# Online resources



## rom_itn

Hi guys, I've just started learning Latin at school and I've been searching the internet for a decent Latin traning website. I still couldn't find one ( I didn't spend much time for the search though) I wonder if anyone of you already know some good sites. It doesn't matter if the lessons are in English or Italian.

Thanks a lot
Rom


----------



## silvietta

rom_itn said:
			
		

> Hi guys, I've just started learning Latin at school and I've been searching the internet for a decent Latin traning website. I still couldn't find one ( I didn't spend much time for the search though) I wonder if anyone of you already know some good sites. It doesn't matter if the lessons are in English or Italian.
> 
> Thanks a lot
> Rom


 
I can help you with latin...;-P
There was a site I can't remember... I'll try to find it again in the meanwhile if you need help ask...


----------



## rom_itn

silvietta said:
			
		

> I can help you with latin...;-P
> There was a site I can't remember... I'll try to find it again in the meanwhile if you need help ask...


 
Grazie Laura! Sei un mito


----------



## fastidio83

rom_itn said:
			
		

> Hi guys, I've just started learning Latin at school and I've been searching the internet for a decent Latin traning website. I still couldn't find one ( I didn't spend much time for the search though) I wonder if anyone of you already know some good sites. It doesn't matter if the lessons are in English or Italian.
> 
> Thanks a lot
> Rom



Digita su google italia "lezioni di latino" ma senza le virgolette. Scegli il primo risultato, sembra abbastanza fornito ma non ho controllato i link.
Prova a dare un'occhiata.
Ciao


----------



## Jana337

rom_itn said:
			
		

> Hi guys, I've just started learning Latin at school and I've been searching the internet for a decent Latin traning website. I still couldn't find one ( I didn't spend much time for the search though) I wonder if anyone of you already know some good sites. It doesn't matter if the lessons are in English or Italian.
> 
> Thanks a lot
> Rom


Hi Rom,

We have got a forum for Other languages. I am moving your request there, it will receive more attention. 

Jana

P.S. You might find some useful information in Other Languages as well.


----------



## Idioteque

rom_itn said:
			
		

> Grazie Laura!
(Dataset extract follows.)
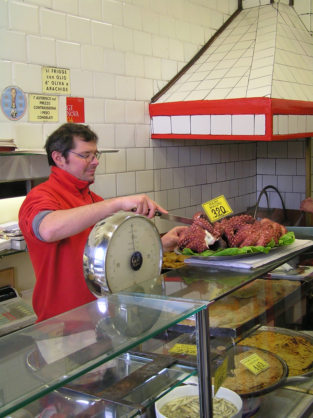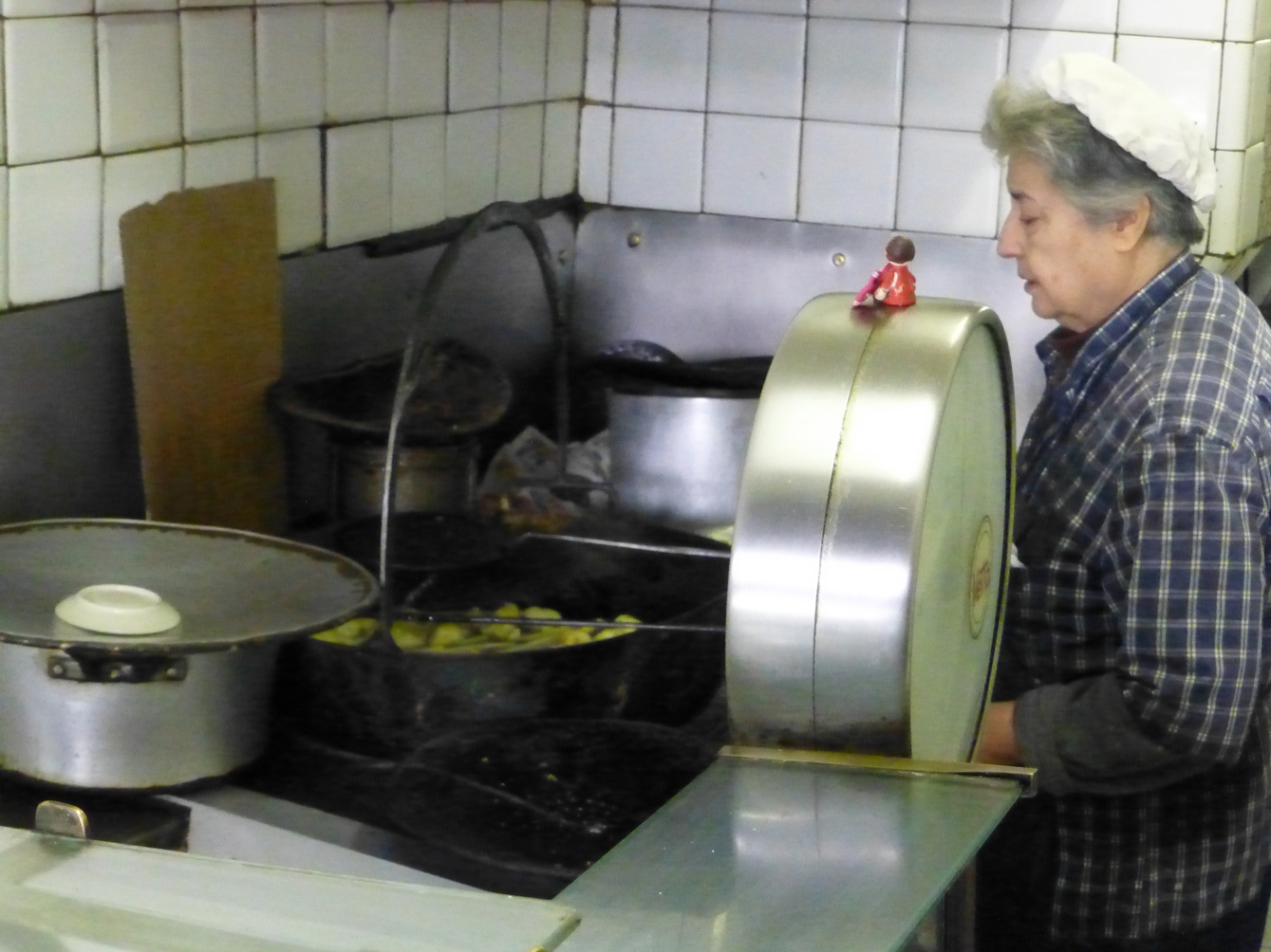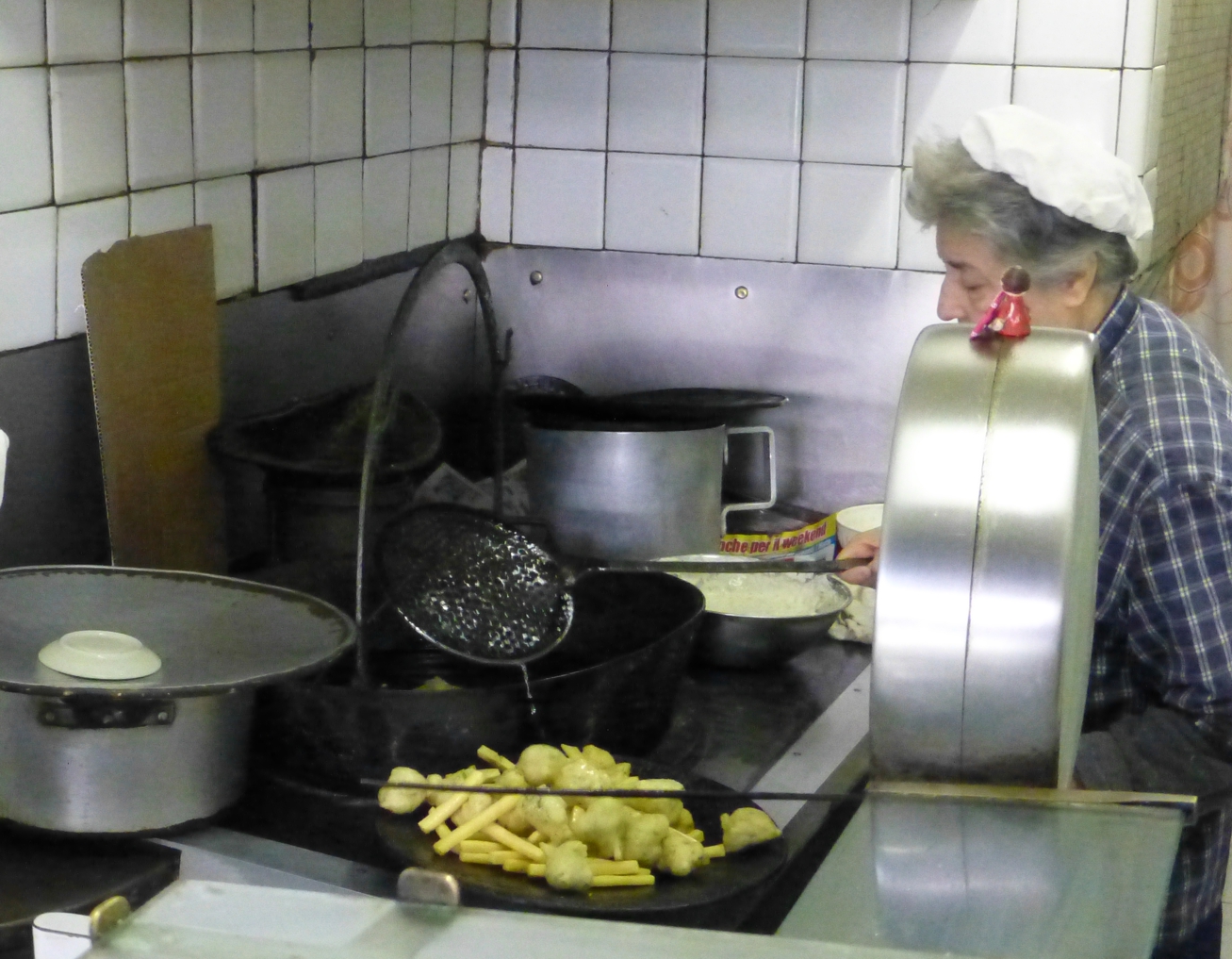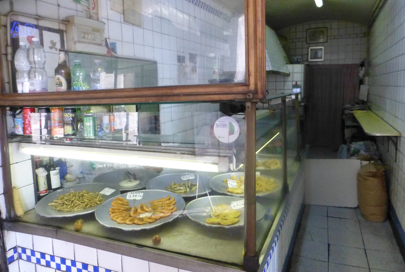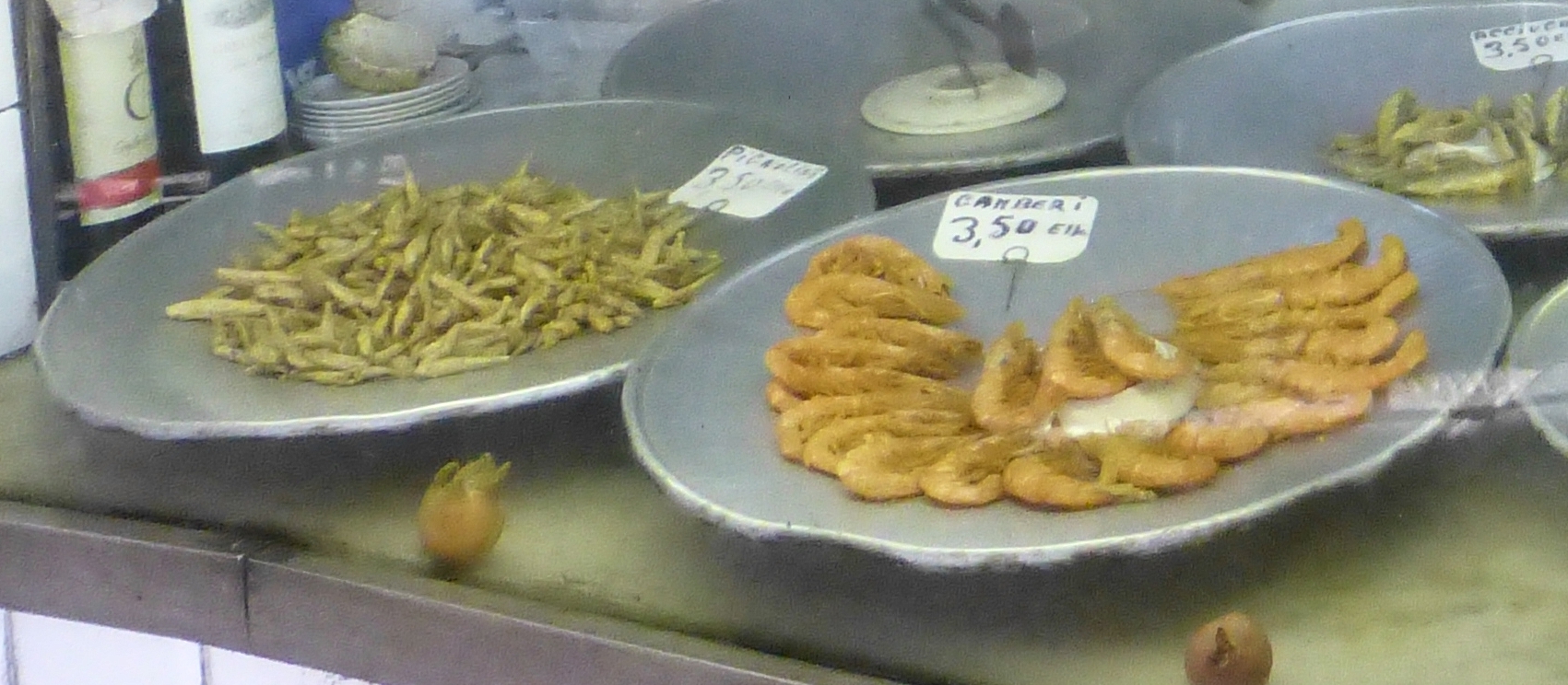 Unvergesslich ist zum Beispiel der enge Imbiss von zwei älteren Damen – sie frittieren frische Sardellen, Sardinen, Tintenfische oder auch mal Pommes, Gemüse und Teigknödel mit Peperoni drin in einer großen Wanne mit Olivenöl; wer bestellt, bekommt eine Tüte, die schnell aus einem Stück Papier gefaltet wird. Wir bestellen eine Portion gemischt; die Sardellen, die mit dabei sind, komplett von Kopf bis Schwanz, wie es sich gehört – und alles schmeckt hervorragend.

Sei un mito



Grazie!   Ma in questo caso il "mito" è silvietta!  è lei ad averti fornito il suo aiuto....  
Io posso provare ad aiutarti... sperando di non essermi troppo "arrugginita"...  
Ciao, Laura


----------



## JLanguage

Textkit.com is a really great resource for learning Latin.


----------



## silvietta

rom_itn said:
			
		

> Grazie Laura! Sei un mito


 

Eheh magari non proprio un mito;-) più che altro io sono Silvietta ;-P


----------



## rom_itn

Idioteque said:
			
		

> Grazie!  Ma in questo caso il "mito" è silvietta!  è lei ad averti fornito il suo aiuto....
> Io posso provare ad aiutarti... sperando di non essermi troppo "arrugginita"...
> Ciao, Laura


 


			
				silvietta said:
			
		

> Eheh magari non proprio un mito;-) più che altro io sono Silvietta ;-P


 
Mi perdonate Laura....e Silvietta  , Ero stanco e messo addormentato quando lo stavo scirivendo ieri. Se non mi sbaglio stavo rispondo il post di Laura in un'altra pagina e quindi ho sbagliato i nomi.

Comunque sono grato per tutte tue risposte. Questo forum è il migliore!!! 
Grazie mille
Rom


----------